The number of high net worth individuals (HNWIs) in Canada is on the rise, according to an RBC Wealth Management report released June 18.
HNWIs are defined as those with investible assets of US$1 million or greater, not including primary residences, collectibles or consumer durables.
In 2013, there were 320,000 HNWIs in the country – an increase of 7.2% from the year before.
The total value of the wealth held by all these individuals grew by 9.1% to US$979 billion. This growth, said CIBC, was related to strong performance of the economy, equity markets and real estate.
More of these wealthy Canadians are focused on preserving their wealth than increasing it (31.4% versus 24.8%, respectively).
This growth in the percentage of HNWIs in the country is well below the global average growth of 15% in 2013, which translates into an increase in the number of HNWIs of 1.76 million people worldwide.
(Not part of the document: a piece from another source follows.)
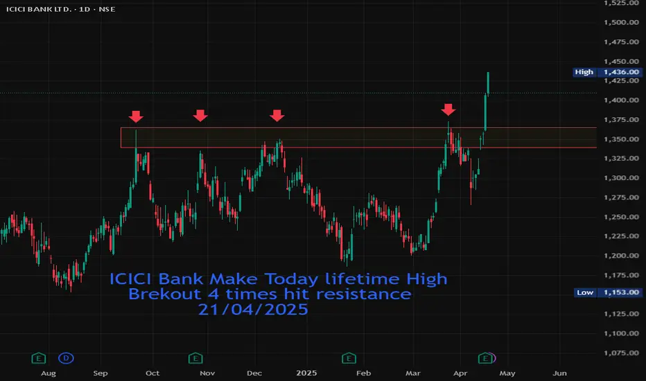 NSE INDIA , SYMBOL : ICICI Bank TIMEFRAME : DAILY : ICICI Bank first time lifetime high make 1365 on dated 20/09/2024 then 4 times try to breakout this lifetime high but failure touch this level and return down 4 times. 17/04/2025 breakout this level and today ICICI Bank make new High 1435

Around the world, the highest number of HNWIs are found in North America, but the gap is narrowing as more individuals in Asia Pacific are being added to the group. A total of 4.33 million North Americans are HNWIs, compared with 4.32 million in Asia Pacific.
“Overall, 2013 was another strong year for the high net worth market, with surging equity markets and improving economies contributing to double digit growth in both population and wealth levels,” said , RBC Wealth Management & RBC Insurance group head M. George Lewis.
“Looking at longer term growth trends, nearly 40% of the current level of high net worth wealth has been created in the past five years alone.”